Support for aanet 'usr' fields in OfflineReader

You mean the usr field of the event file itself?

The usr stuff from tracks and MC hits are accessible.

Btw. I really dislike this usr "hack" we did in the aanet format.

Thanks Tom. I want to access what in aanet one would access evt.getusr(key). In this case it's a set of custom variables used by the classifier in the online event selection.

I am not sure I understand the usr stuff from tracks and MC hits definition, sorry for my naivety.

In general, I agree we should not encourage proliferation of used-defined fields without some discussion on if/how to support them. On the other hand there are a few situations in which they are used as a temporary or intermediate solution before a definitive data format is defined.

Can you point me to a file which has some values in the usr thing?

/sps/km3net/users/mlincett/online_ev/ORCAKM3Online.00000049_00007289.root

One of the keys for the custom fields is DeltaPosZ.

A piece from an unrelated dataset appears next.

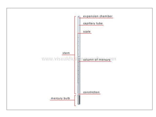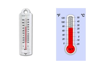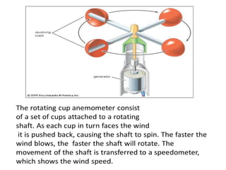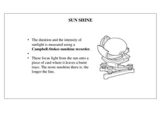 This document outlines the key elements of weather that are measured, including temperature, precipitation, wind, humidity, atmospheric pressure, sunshine, and cloudiness. It describes the instruments used to measure each element, such as thermometers for temperature, rain gauges for precipitation, wind vanes and anemometers for wind, hygrometers for humidity, barometers for pressure, a Campbell-Stokes recorder for sunshine, and estimation of cloud cover in oktas. It provides details on how each instrument is used and constructed to gather weather data.

Thanks for looking into this!

added awaiting feedback usability labels

Alright, it seems that uproot fails to interpret it automatically. This is basically true for everything which comes from aanet The Jpp stuff works 95% of the time...

Anyways, I extracted the data and now need to find out where this DeltaPosZ is hidden:

In [42]: f = uproot.open("/sps/km3net/users/mlincett/online_ev/ORCAKM3Online.00000049_00007289.root")                                                                                         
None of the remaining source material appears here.